The front page of The Daily Telegraph today sports an "exclusive" by Charles Clover headed "Health advice to eat more fish 'is threatening stocks'".
It trails the impending publication (due out tomorrow) by the Royal Commission on Environmental Pollution following "an 18-month investigation of over-fishing", and retails one of 60 recommendations for "radical change" in Government policy to emerge from the report.
That recommendation is that government advice that people should eat two portions of fish a week should be scrapped because rising consumption could destroy depleted fishing grounds.
Clover also builds in another "scoop". The Prince of Wales has been prevailed upon to lend his name to an op-ed in the Telegraph, where he endorses the Royal Commission's call for urgent action to protect the marine environment and future food supplies.
Edging into dangerous political territory, he singles out for particular criticism the "appalling" destruction of dolphins and porpoises by trawlers catching bass in the Channel as an example of the multiple failures of the EU's Common Fisheries Policy.
This, in fact, is an example of a humiliating rebuff delivered by the commission to fisheries minister Ben "Rear Admiral" Bradshaw. After he and his predecessor Elliot Morely had committed to stopping high-speed pair trawling for Bass on the Western Approaches - cited as the cause of the carnage – Bradshaw went cap in hand to the commission asking for a ban, only to have his entreaties rejected on the grounds of "insufficient proof of damage' See links, here, here and here.
Returning to the Clover story, however, he still buys in to the oft-repeated canard of "over-fishing" causing the problems, citing the Royal Commission, which argues that "the Treasury must face up to the Government's responsibility for allowing over-fishing and pay fishermen off when they are put out of business by such recovery measures."
We will examine to Commission's report with interest but, on the basis of today's report, it looks very much as if the Commission is ignoring that huge "elephant in the room" – the European Union – which dictates which fishing vessels have access to UK waters, under the doctrine of "equal access".
Nevertheless, Clover is beginning to show some understanding some of the issues.
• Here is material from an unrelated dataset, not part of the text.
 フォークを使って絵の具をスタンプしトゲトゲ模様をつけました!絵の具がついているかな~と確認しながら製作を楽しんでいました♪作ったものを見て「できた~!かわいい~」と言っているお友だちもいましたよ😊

Writing of the EU commission's attempt to preserve Cod stocks – by closing down whole fisheries, in which mixed stocks of Cod and Haddock abound - for the first time he makes reference to selective fishing, offering the hesitant criticism that it is not clear whether the EU commission has any intention of recommending selective methods that are used in other countries to catch haddock without catching cod.
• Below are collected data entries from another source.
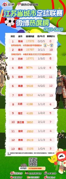 【#苏超热度榜藏着城市文旅大招#】#苏超城市微博热度榜发布# 赛场内激烈角逐,赛场外城市“整活”火力全开,第三期苏超城市微博热度榜新鲜出炉!
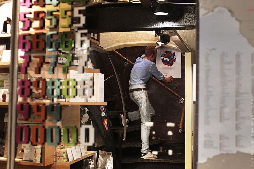 Sales assistant Egor Gorshkov decorates the studio’s Store and Café on Bolshaya Nikitskaya with the Russia Day poster.
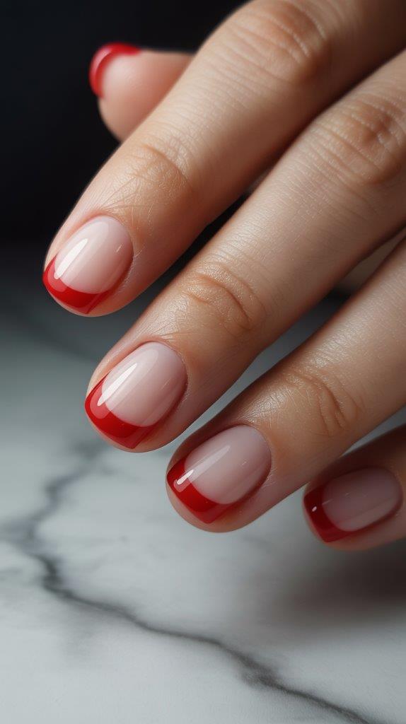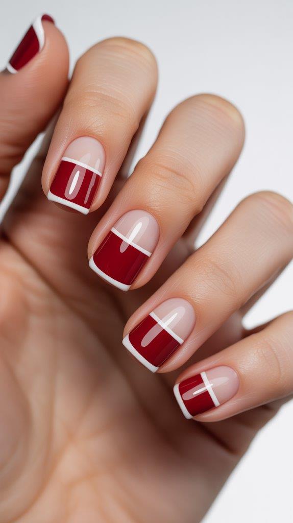 Instead of a thin tip, paint the entire tip of your nail in a bold block of red, with a crisp white line separating it from the bare or white base. It’s graphic, modern, and seriously cool.
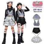 キッズ へそ出し トップス ダンス衣装 女の子 シルバー セットアップ かっこいい 短パンツ スカート 韓国 k-pop衣装 ヒップホップ ジャズダンス メタリック キラ
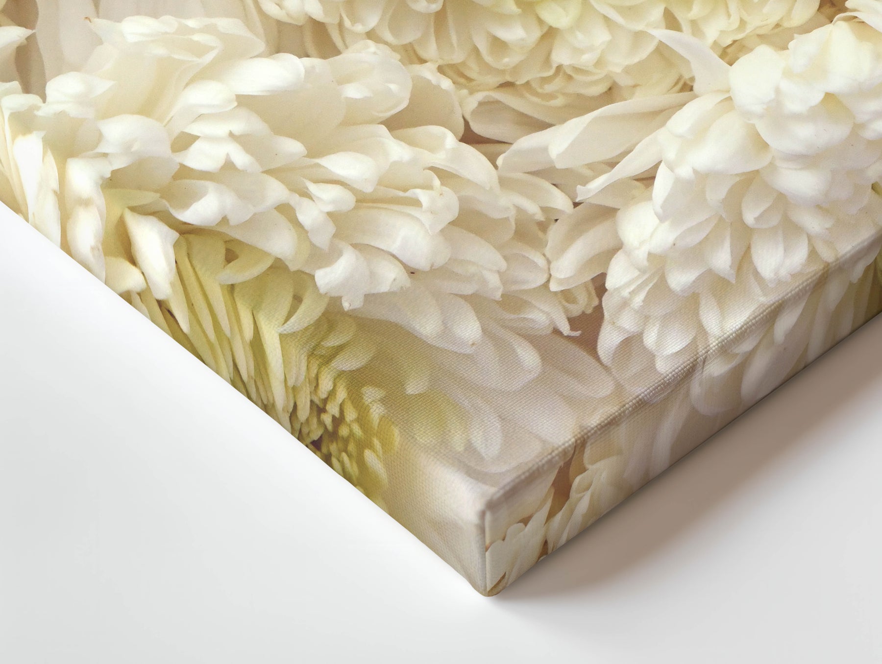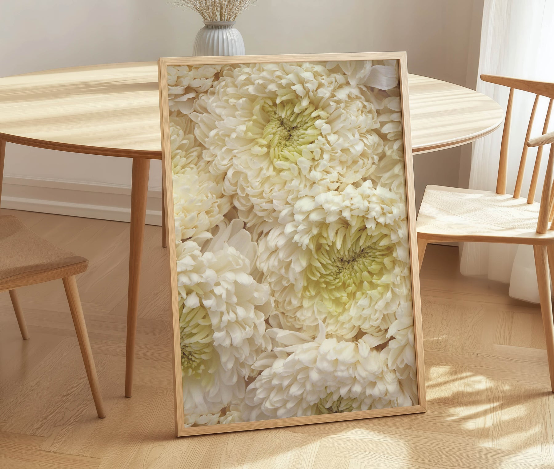 Billowy layers of white petals of this Peony Chrysanthemum unfold in this dreamy floral composition, evoking softness, calm, and quiet elegance. A serene celebration of form and texture that brings tranquillity to any space.
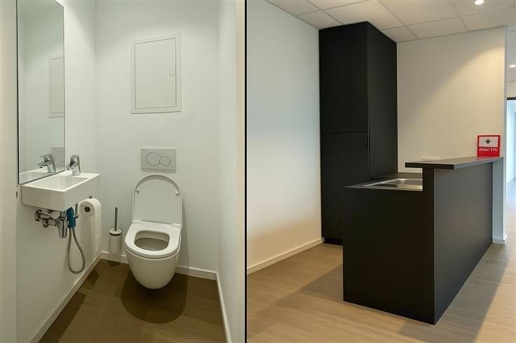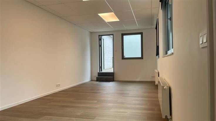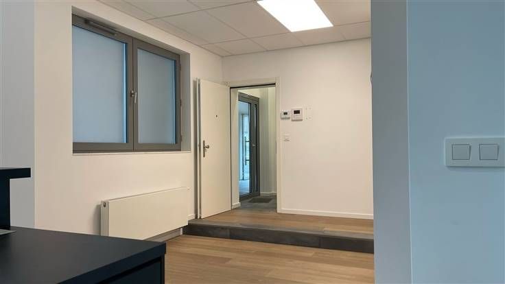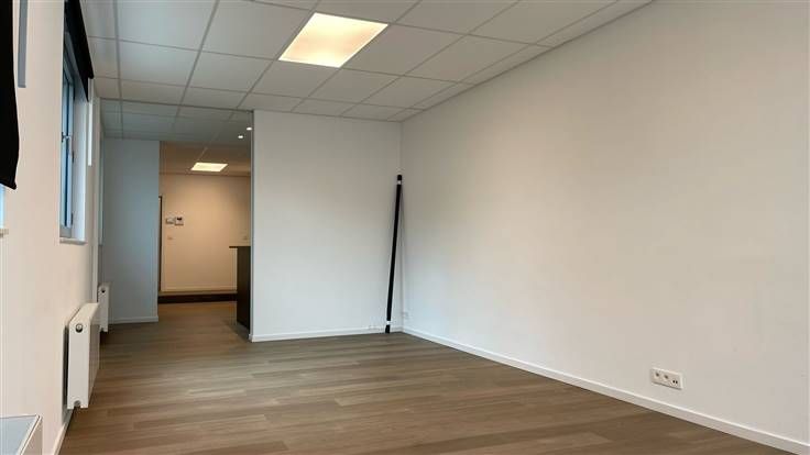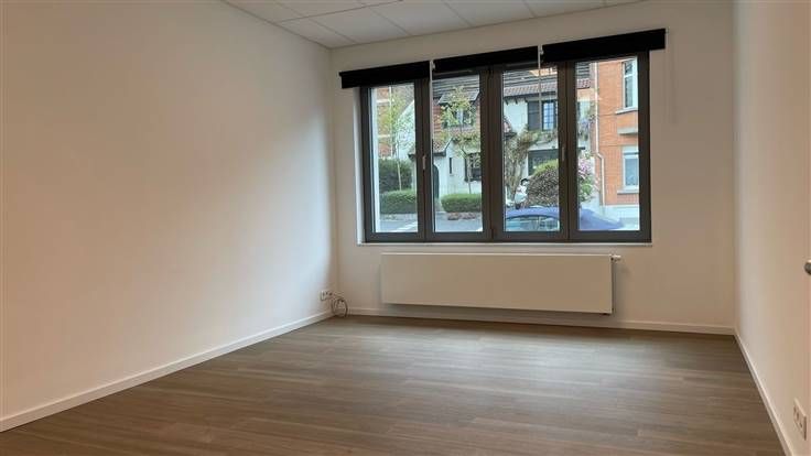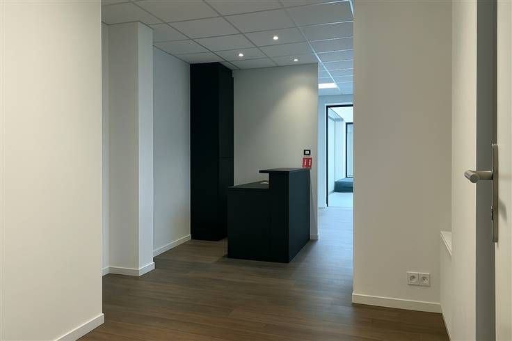 Dit volledig gerenoveerde kantoor van 75m² bevindt zich op de gelijkvloerse verdieping van een klein appartementsgebouw en omvat een inkomhal, twee grote ruimtes die gebruikt worden als kantoor en die ook als vergaderruimte kunnen gebruikt worden, een half ingerichte keuken en een toilet.

This is something that the commission has been notoriously slow to accept, yet techniques are available – and well-proven – which allow fishermen to "surgically extract" Haddock in mixed fisheries, without touching the Cod.
The Prince of Wales hints at this dereliction, writing that "The most generous interpretation that can be put on the present situation is that we are just about managing the inexorable decline of our fisheries."
He adds that no one could be unmoved by the desperate consequences for fishermen and their families. But he is "confident that, with decisive action and proper long-term management, it should be possible to achieve greater numbers of fish and higher catches."
That is true. It is entirely possible to both increase catches and end up with an increased biomass, given good fisheries management techniques. But those techniques are never going to be applied as long as UK waters come under the leaden jurisdiction of the CFP.
Next week, on 13 December, the Conservative Party is to publish its proposals for a detailed fisheries management system, under national and local control, to replace the CFP, thus honouring Michael Howard’s commitment that a Conservative government will repatriate the CFP. This may prove the last hope for UK fisheries, before the damage done by the EU becomes irreparable.
Without giving too much away, it will place the responsibility for the decline in fish stocks squarely at the feet of the current management - the European Union. Watch this space.